● DATA FOR PROCESSING
========================================================================

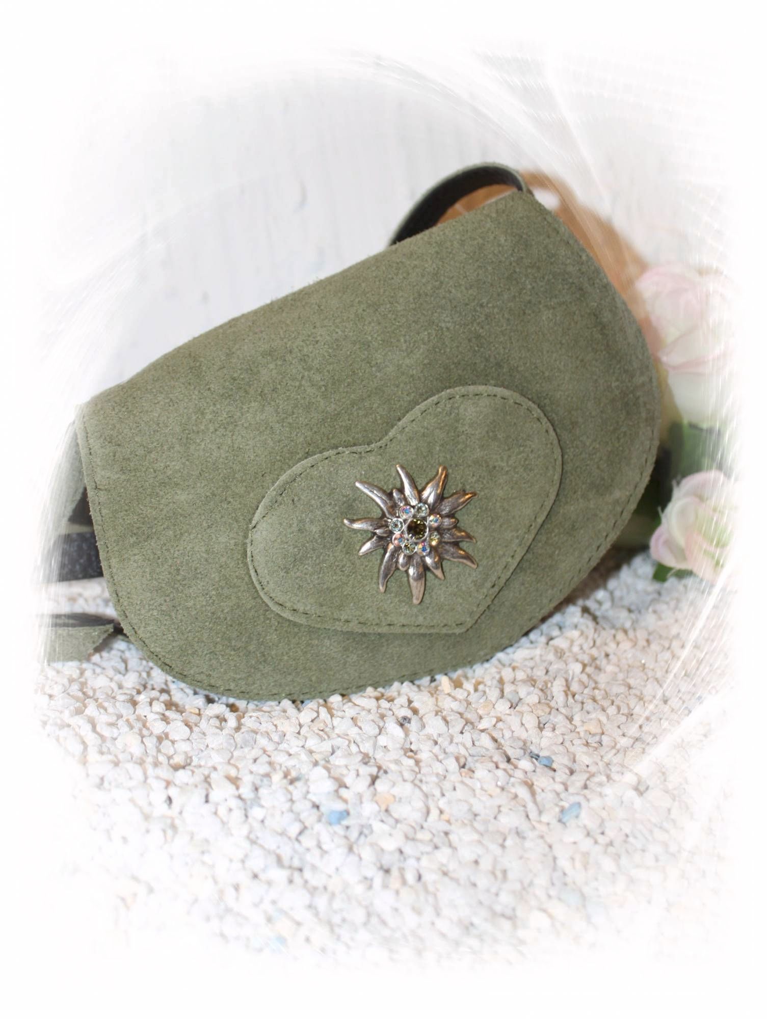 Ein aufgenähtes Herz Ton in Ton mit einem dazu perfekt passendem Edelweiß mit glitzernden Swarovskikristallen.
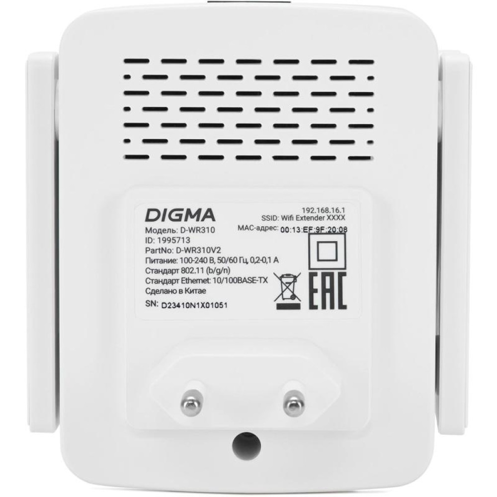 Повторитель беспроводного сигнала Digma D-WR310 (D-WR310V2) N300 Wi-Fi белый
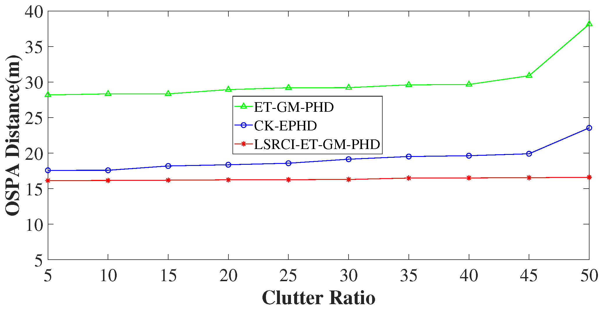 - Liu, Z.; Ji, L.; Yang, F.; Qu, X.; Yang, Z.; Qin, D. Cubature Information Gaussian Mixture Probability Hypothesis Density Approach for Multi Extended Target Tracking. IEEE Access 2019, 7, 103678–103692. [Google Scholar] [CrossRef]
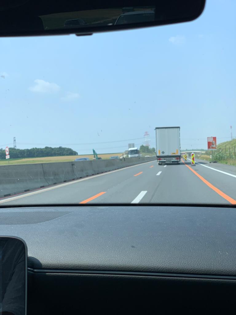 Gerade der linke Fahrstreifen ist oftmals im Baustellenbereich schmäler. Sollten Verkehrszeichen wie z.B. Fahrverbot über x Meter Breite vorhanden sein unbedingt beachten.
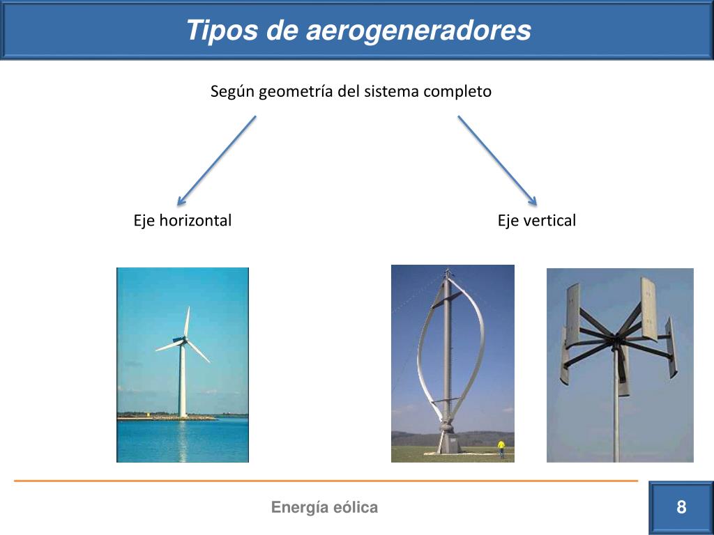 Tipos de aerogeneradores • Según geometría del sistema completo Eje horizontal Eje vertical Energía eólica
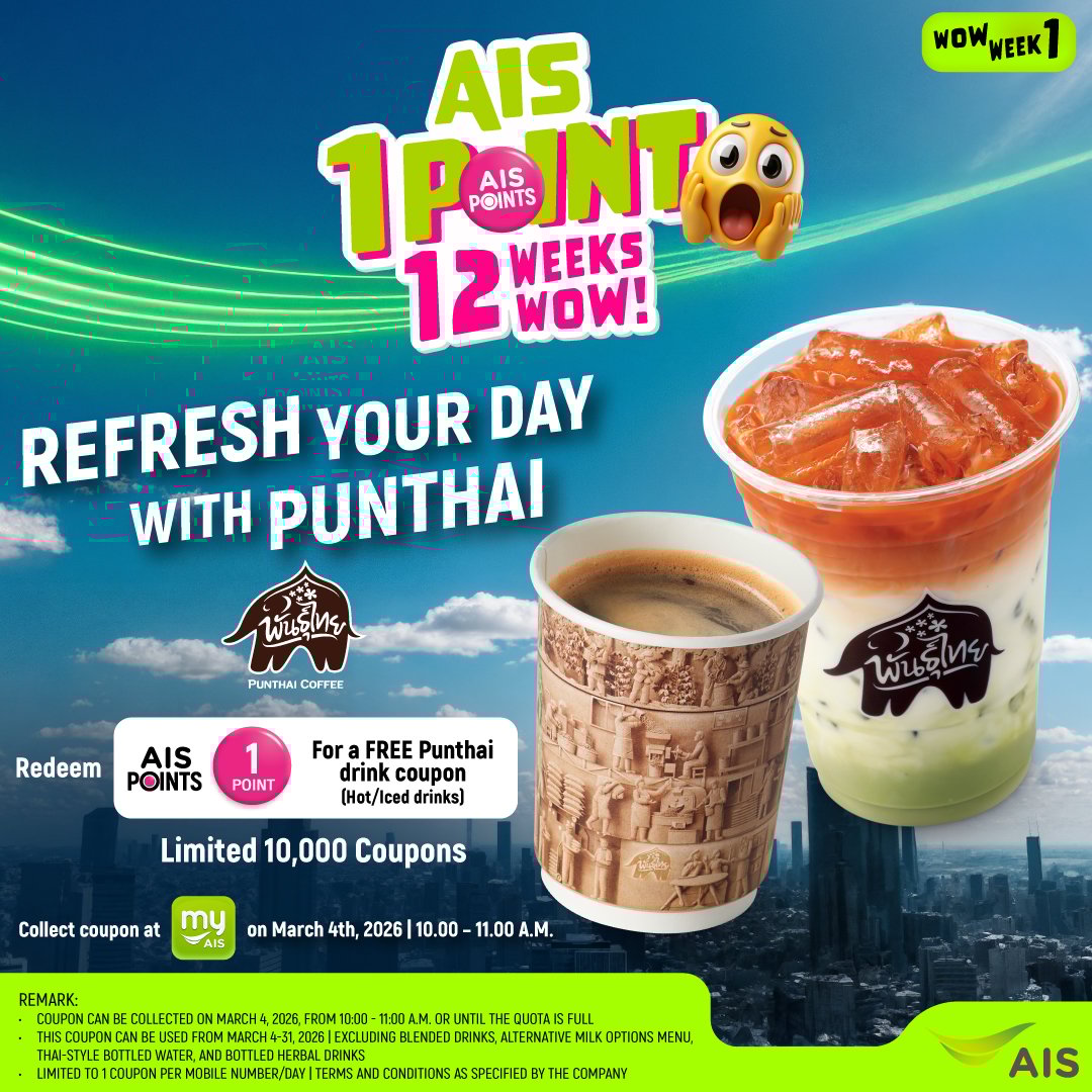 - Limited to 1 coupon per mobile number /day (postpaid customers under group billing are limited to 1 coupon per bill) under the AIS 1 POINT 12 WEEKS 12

========================================================================

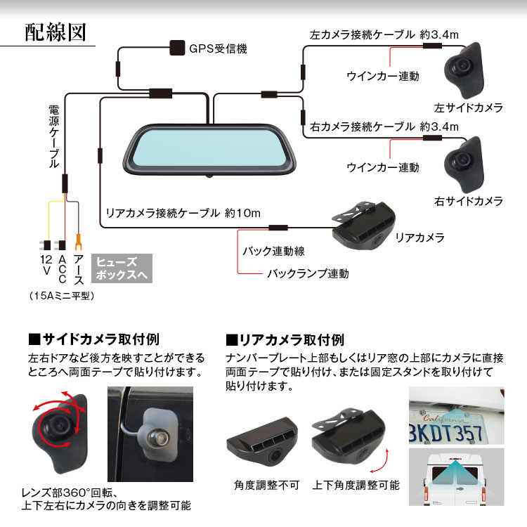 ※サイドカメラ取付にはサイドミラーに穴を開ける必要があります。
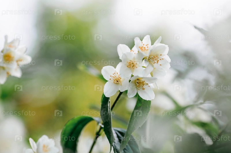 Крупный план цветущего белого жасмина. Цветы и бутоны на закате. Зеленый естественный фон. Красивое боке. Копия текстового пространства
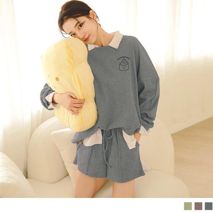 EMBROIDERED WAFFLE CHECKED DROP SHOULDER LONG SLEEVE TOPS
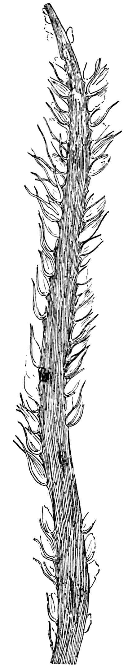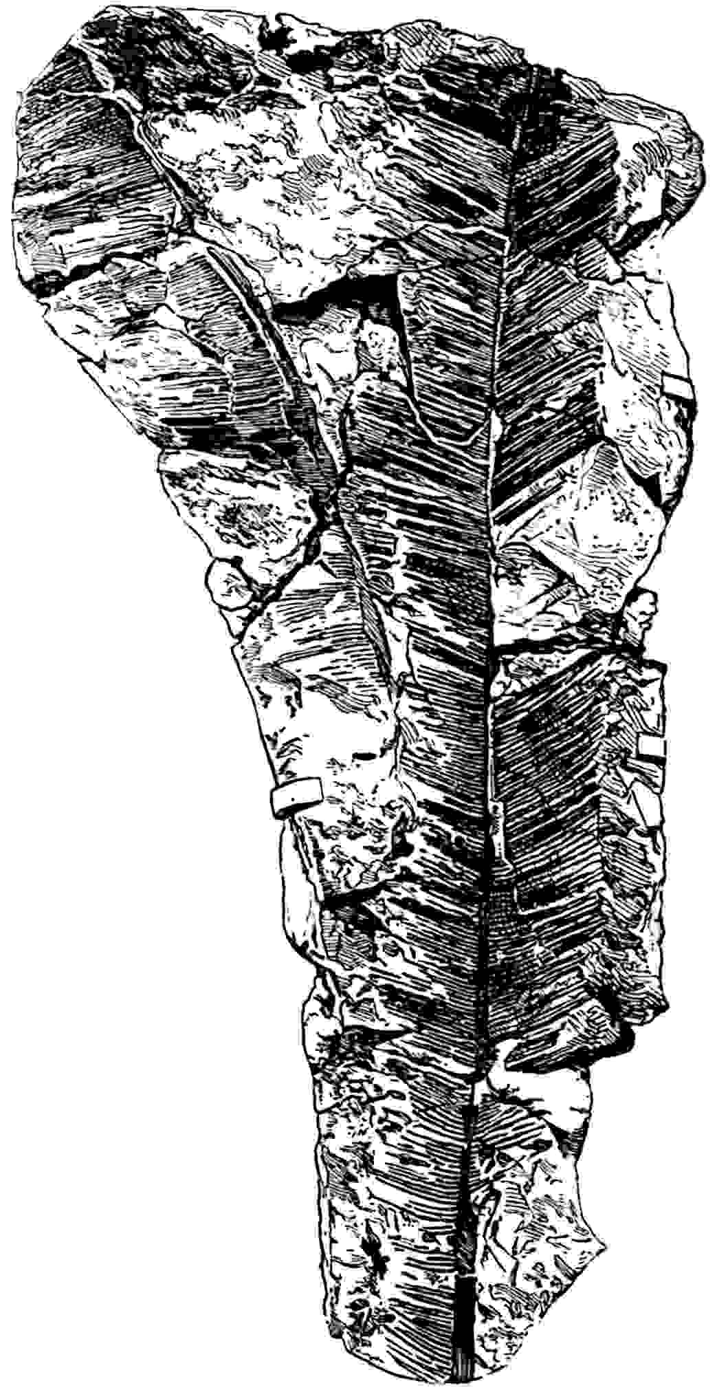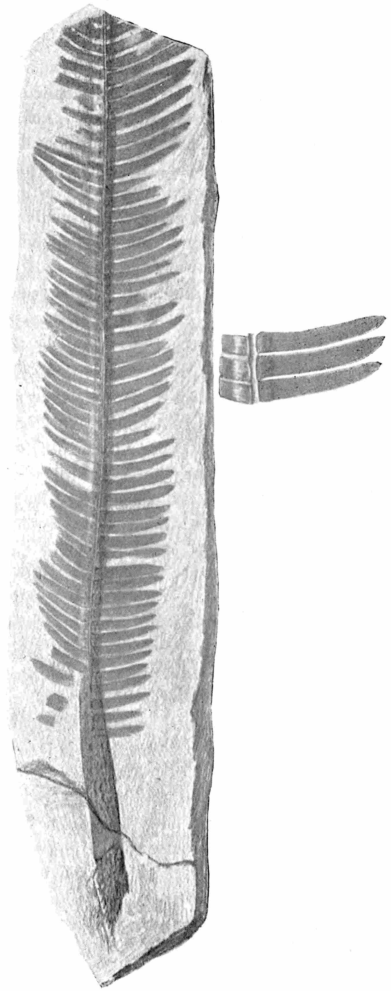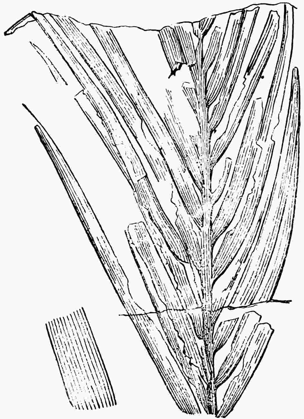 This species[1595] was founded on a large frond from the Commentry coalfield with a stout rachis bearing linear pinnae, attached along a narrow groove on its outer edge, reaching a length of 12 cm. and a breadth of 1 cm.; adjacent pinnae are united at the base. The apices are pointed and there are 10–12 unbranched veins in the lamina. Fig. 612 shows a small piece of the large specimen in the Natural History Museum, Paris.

========================================================================

● PROBLEM STATEMENT
Only the lines above from the one with "Ein aufgenähtes Herz" to the one with "Tipos de aerogeneradores" should be printed, both included and exactly as written; no picture belongs in the copy.

● TASK RESPONSE
 Ein aufgenähtes Herz Ton in Ton mit einem dazu perfekt passendem Edelweiß mit glitzernden Swarovskikristallen.
 Повторитель беспроводного сигнала Digma D-WR310 (D-WR310V2) N300 Wi-Fi белый
 - Liu, Z.; Ji, L.; Yang, F.; Qu, X.; Yang, Z.; Qin, D. Cubature Information Gaussian Mixture Probability Hypothesis Density Approach for Multi Extended Target Tracking. IEEE Access 2019, 7, 103678–103692. [Google Scholar] [CrossRef]
 Gerade der linke Fahrstreifen ist oftmals im Baustellenbereich schmäler. Sollten Verkehrszeichen wie z.B. Fahrverbot über x Meter Breite vorhanden sein unbedingt beachten.
 Tipos de aerogeneradores • Según geometría del sistema completo Eje horizontal Eje vertical Energía eólica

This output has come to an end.